### What you should do
Give back the lines below exactly, but do not include any pictures.

### Supplied data
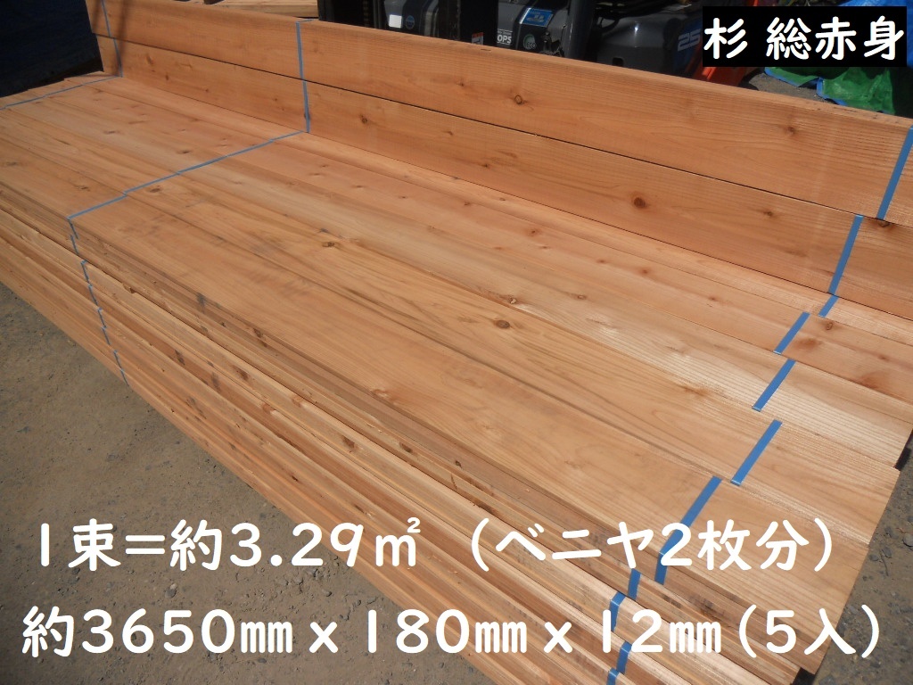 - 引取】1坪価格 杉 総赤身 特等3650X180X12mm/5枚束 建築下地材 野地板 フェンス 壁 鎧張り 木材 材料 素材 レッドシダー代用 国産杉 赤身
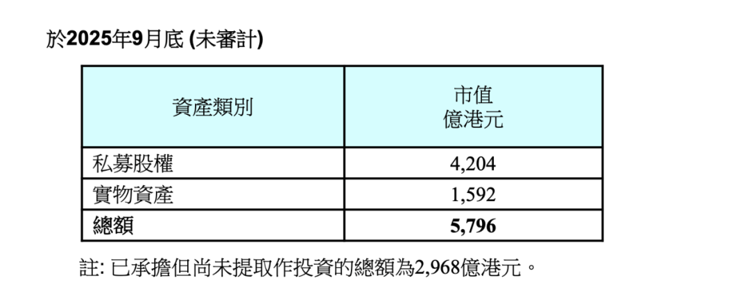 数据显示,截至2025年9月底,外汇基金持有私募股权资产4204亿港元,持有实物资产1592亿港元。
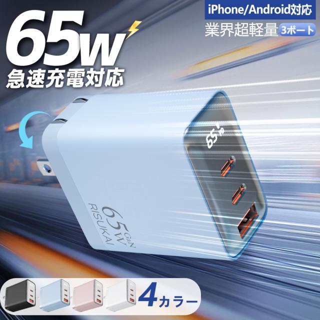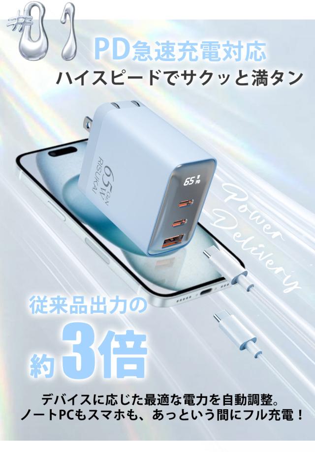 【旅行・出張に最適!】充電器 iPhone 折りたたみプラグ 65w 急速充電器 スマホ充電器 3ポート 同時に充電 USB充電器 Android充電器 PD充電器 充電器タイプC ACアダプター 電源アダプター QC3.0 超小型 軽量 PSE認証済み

### Result of this exercise
 - 引取】1坪価格 杉 総赤身 特等3650X180X12mm/5枚束 建築下地材 野地板 フェンス 壁 鎧張り 木材 材料 素材 レッドシダー代用 国産杉 赤身
 数据显示,截至2025年9月底,外汇基金持有私募股权资产4204亿港元,持有实物资产1592亿港元。
 【旅行・出張に最適!】充電器 iPhone 折りたたみプラグ 65w 急速充電器 スマホ充電器 3ポート 同時に充電 USB充電器 Android充電器 PD充電器 充電器タイプC ACアダプター 電源アダプター QC3.0 超小型 軽量 PSE認証済み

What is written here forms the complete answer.